ALE nie spodziewałaś się, że ten chłop będzie leżał plaskaczem na łóżku jak rozwalona żaba. Mimo, że wyglądał dość uroczo w spodenkach i koszulce, to no bądźmy szczerzy..żeby dostać się na łóżko musiałaś nieźle nakombinować. 

- oh ty śpisz- szepnęłaś. Widocznie za dużo zarwał nocek na gry komputerowe. Postanowiłaś także zasnąć, ale twoja pozycja nie była za wygodna. Dopiero w pewnym momencie Tomura przytulił ciebie do siebie, co zupełnie cię zaskoczyło. Zarumieniłaś się i zasnęłaś wtulona w niego.

TIME SKIP

Smacznie spałaś, ale o tej porze..czyli w środku nocy budzą się myszy. A tak dokładniej jedna mysz: Shigaraki xD. Na początku lekko przymrużał oczy i starał się ogarnąć co się działo przed jego zaśnięciem... Nagle pomyślał ,,O NIE, GILDIA MNIE POTRZEBUJE,, ale przed wstaniem z miejsca powstrzymały go dłonie oplecione dookoła jego klatki piersiowej.

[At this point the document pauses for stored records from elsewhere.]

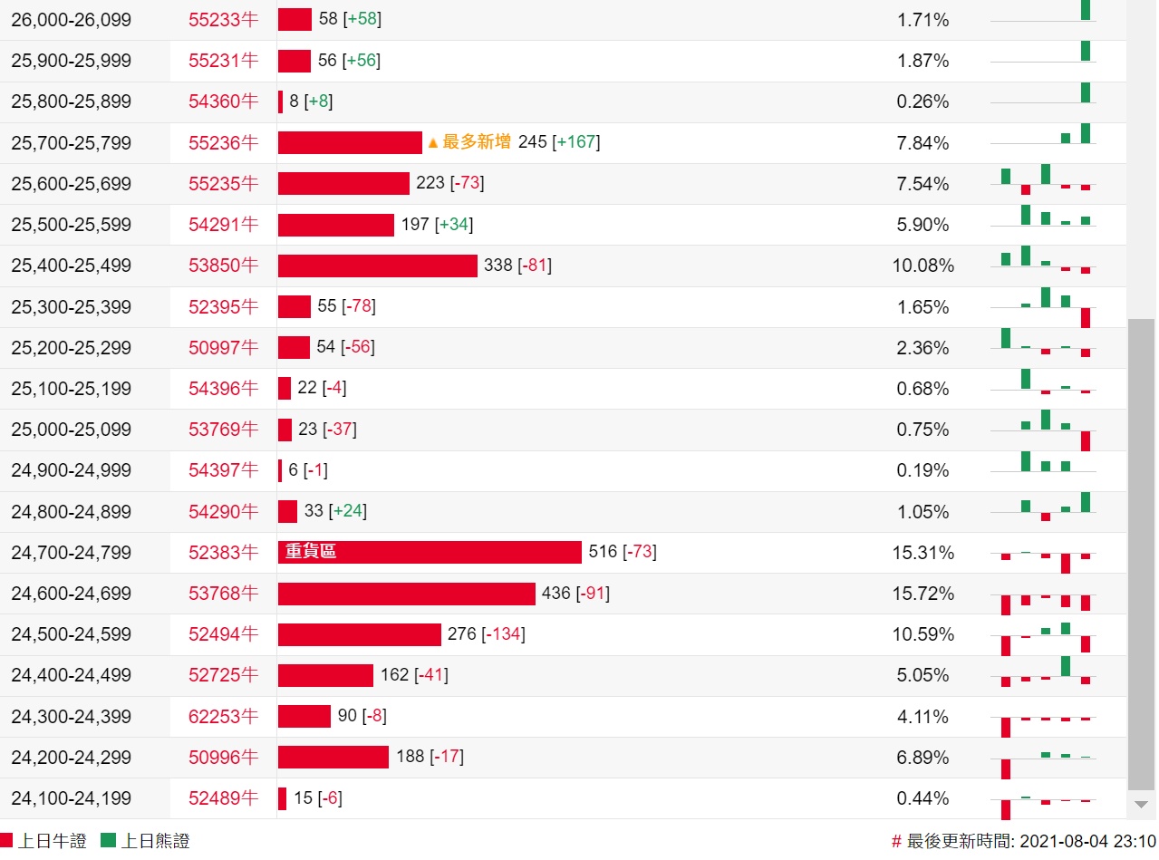 牛证街货重货区在24,700-24,799区间,该区间最新牛证数量为516张,较上一交易日减少73张;最多新增在25,700-25,799区间,该区间最新牛证数量为245张,较上一交易日增加167张。
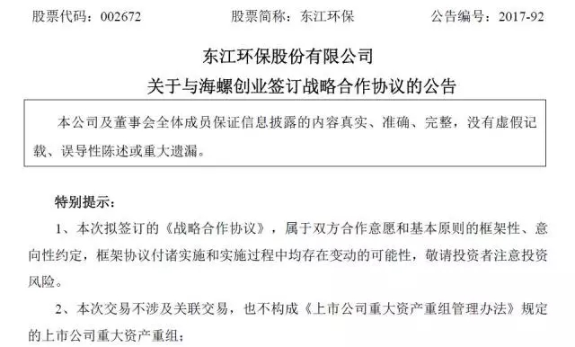 12月4日下午,東江環(huán)保發(fā)布公告稱,公司擬與中國海螺創(chuàng)業(yè)控股有限公司(下簡稱“海螺創(chuàng)業(yè)”)于2017年12月6日簽署《戰(zhàn)略合作協(xié)議》,就水泥窯協(xié)同處置固廢事宜達(dá)成戰(zhàn)略合作意向。預(yù)計(jì)雙方將在固廢處理領(lǐng)域?qū)崿F(xiàn)強(qiáng)強(qiáng)聯(lián)合、優(yōu)勢互補(bǔ),共同推進(jìn)危廢處理行業(yè)的健康發(fā)展。
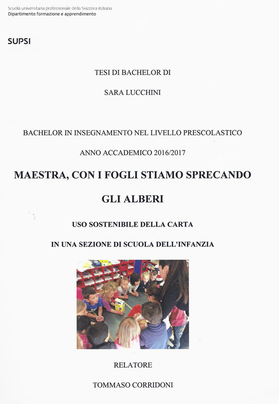 Nel presente lavoro di Bachelor sono state studiate le concezioni di bambini di Scuola dell'Infanzia sull’utilizzo sostenibile del materiale carta, verificando se possedessero già, e come costruissero, competenze di Educazione allo Sviluppo Sostenibile (ESS). La loro evoluzione è stata sostenuta con un itinerario didattico i cui interventi hanno sondato le idee dei bambini sui tipi di carta, i diversi metodi di riciclo/riutilizzo, giungendo fino a discutere regole di utilizzo che limitino lo spreco e la produzione a partire dal legno. I dati sono stati raccolti tramite osservazioni e registrazioni per poi essere appositamente analizzati e confrontati con quelli di una II elementare che ha lavorato sullo stesso tema. I risultati hanno mostrato che i bambini di SI sono legati agli aspetti concreti della carta. La riflessione sullo spreco porta i bambini a definire regole per il buon utilizzo della carta, per affetto e sensibilità verso la natura. Esprimendo competenze di ESS legate a valori e volontà di intervento, i bambini presentano un pensiero sostenibile, ma devono ancora stabilizzare i saperi. Il confronto con la classe elementare ha mostrato similitudini rilevanti ma con differenze per lessico e astrazione.
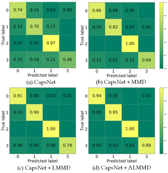 | CapsNet + ALMMD | 0.94 | 0.95 | 1.00 | 0.89 | 93.75 |

- Co jest ku*wa- szepnął, a wtedy zobaczył ciebie- SZLAAg miałaś mnie nie dotykać- krzyczał szepcząc, ale w tym momencie skapnął się, że to on pierwszy ciebie dotknął, przytulając ciebie do siebie. Ostro się zarumienił. Nie wierzył, że to powie, ale- Gildia może poczekać..

I tak właśnie zasnęliście słodko. Rano zrobiła wam fotki Toga i pokazała je Dabiemu oraz Kuro, a ci mieli beke, a raczej Dabisz miał, bo Kuro był dumny jak dumna z dzieci matka.